Although the invention is illustrated and described herein as embodied in a method and apparatus for joining textile threads, it is nevertheless not intended to be limited to the details shown, since various modifications and structural changes may be made therein without departing from the spirit of the invention and within the scope and range of equivalents of the claims.

The construction and method of operation of the invention, however, together with additional objects and advantages thereof will be best understood from the following description of specific embodiments when read in connection with the accompanying drawings, in which:

FIG. 1 is a perspective view of apparatus for joining or connecting textile threads according to the invention;

FIG. 2 is a side elevational view of FIG. 1;

FIG. 3 is an enlarged exploded, fragmentary perspective view of the apparatus of the invention;

FIG. 4 is a fragmentary vertical sectional view of FIG. 1 at a given phase of operation thereof; and

FIGS. 5 to 7 are a vertical sectional view of FIG. 4 taken perpendicularly thereto and showing the apparatus at different additional phases of operaton thereof.

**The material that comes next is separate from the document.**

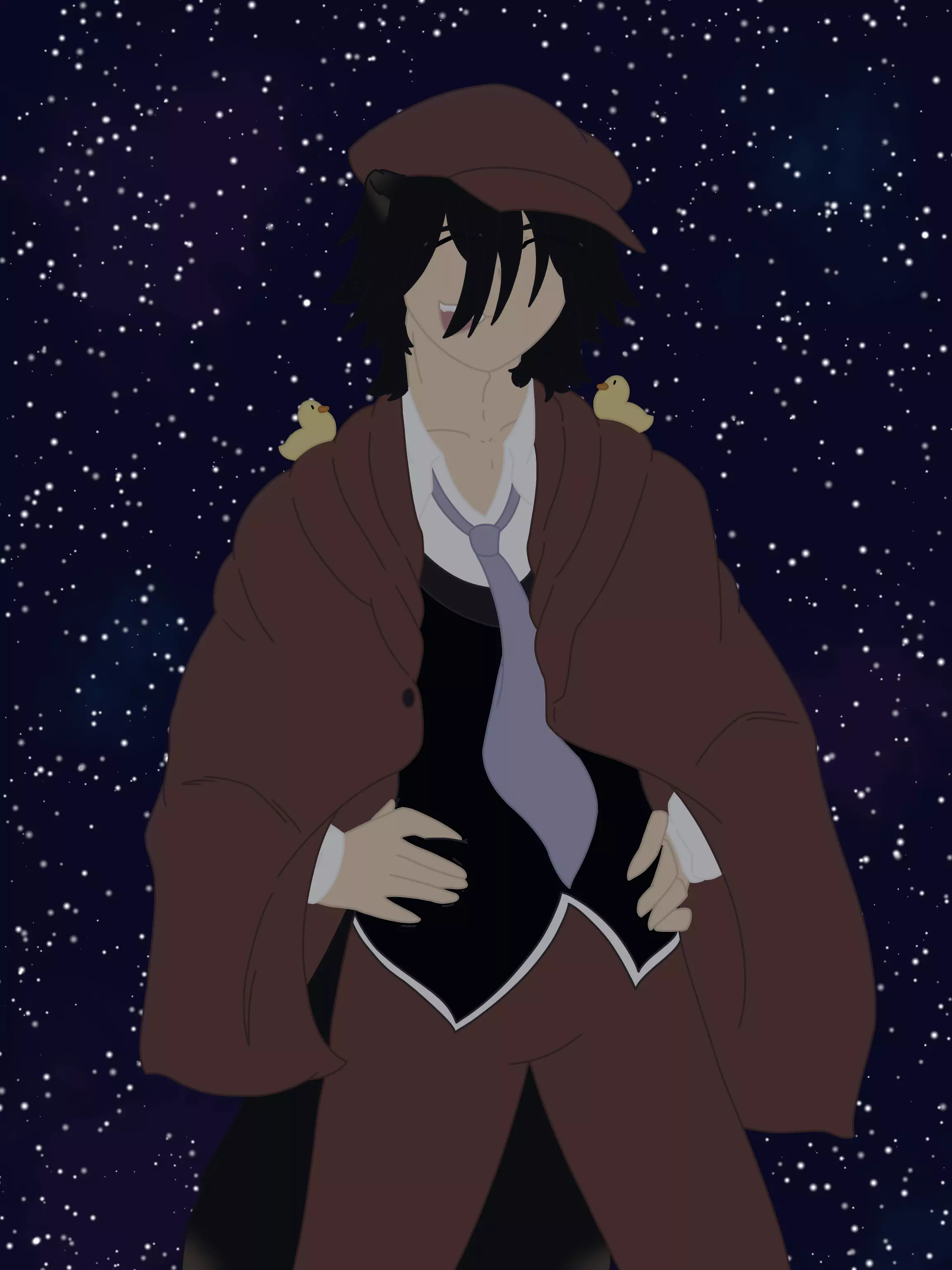 Intro. Name: Ranpo Edogawa (From Bungo Stray Dogs, the anime) Gender: Male Age: 26 Birthday: October 21 (Zodiac: Libra) Height: 5’6 Weapons: None Species: Human/Tanuki (He’s a Tanuki hybrid) Clothes: His attire consists of a brown inverness cape that he wears over his shoulders and whose color matches both his hat and his pants. Under that, he wears a dark grey blazer and a white button-up with a light and dark blue striped tie. Under his three-quarter length pants, he wears long white socks that cover the visible part of his legs, and simple black shoes. (His pants now have a tail hole for his tail). Looks: Kinda messy fluffy black hair, green eyes, white kinda pale skin, green eyes. (Really, just look up Ranpo from Bungo stray dogs, I’m not to good at explaining define details from characters), PLUS, Tanuki ears and a Tanuki tail, and his canine teeth are a little sharper.

Referring now to the drawing and first, particularly, to FIGS. 1 and 2 thereof, there is shown an apparatus 11 for joining or connecting textile threads or yarns. The apparatus 11 has a machine frame 12 which, as shown in FIG. 2, supports an undercarriage 13. The undercarriage 13 has rolls or wheels 14 and 15, by means of which, the apparatus 11 is able to travel on a support tube 16.

The support tube 16 is installed alongside a winding machine, of which only one winding station 17 is visible in FIG. 2. The apparatus 11 is shown to be in operation at this winding station 17.

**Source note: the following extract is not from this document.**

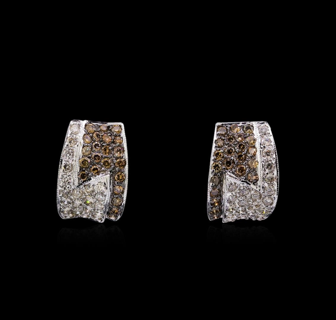 One pair electronically tested 14KT white gold ladies cast & assembled diamond earrings with omega backs. Condition is new, good workmanship. Bright and anodized finish with milgrain detailing throughout. Identified with markings of "14K". Containing: Forty-two bead set round brilliant cut diamonds, measuring 1.60 - 1.50 x 0.93mm (depth est.) approximate total weight of 42 Stones = 0.63ct. Faint brown secondary. Color throughout. Graded in the setting. Clarity SI-2 to I-1. Color H -- J. Forty-four bead set round brilliant cut diamonds, measuring 1.70 - 1.60 x 0.99mm (depth est.) approximate total weight of 44 Stones = 0.82ct. Graded in the setting. Clarity SI-2 to I-2. Color Fancy Brown. Total Weight of Diamonds 1.45ct. Total Weight of Earrings 6.20gm. AIG Appraised at $4,765.00.

A lower thread 18 is delivered to the device 11 from a supply coil or cop 19 through a thread guide 20, a conventional rake-type sensor 21, a thread brake 22 and another thread guide 23.

An upper thread 24 is delivered likewise to the apparatus 11 from a take-up coil 25 through a thread guide cylinder 27 equipped with conventional reverse winding grooves 26.

All of the illustrated objects or parts 18 to 27 belong to the winding station 17.

In a narrow sense, the device which delivers the lower thread is formed of the thread guide 20, and the device which delivers the upper thread is formed of the take-up coil 25. The line of the shortest possible, non-influenced and undisturbed thread path is shown in phantom at 28. The reason for showing the line 28 in phantom is to signify that the thread path has already been disturbed, and the thread per se has been severed into an upper thread and a lower thread.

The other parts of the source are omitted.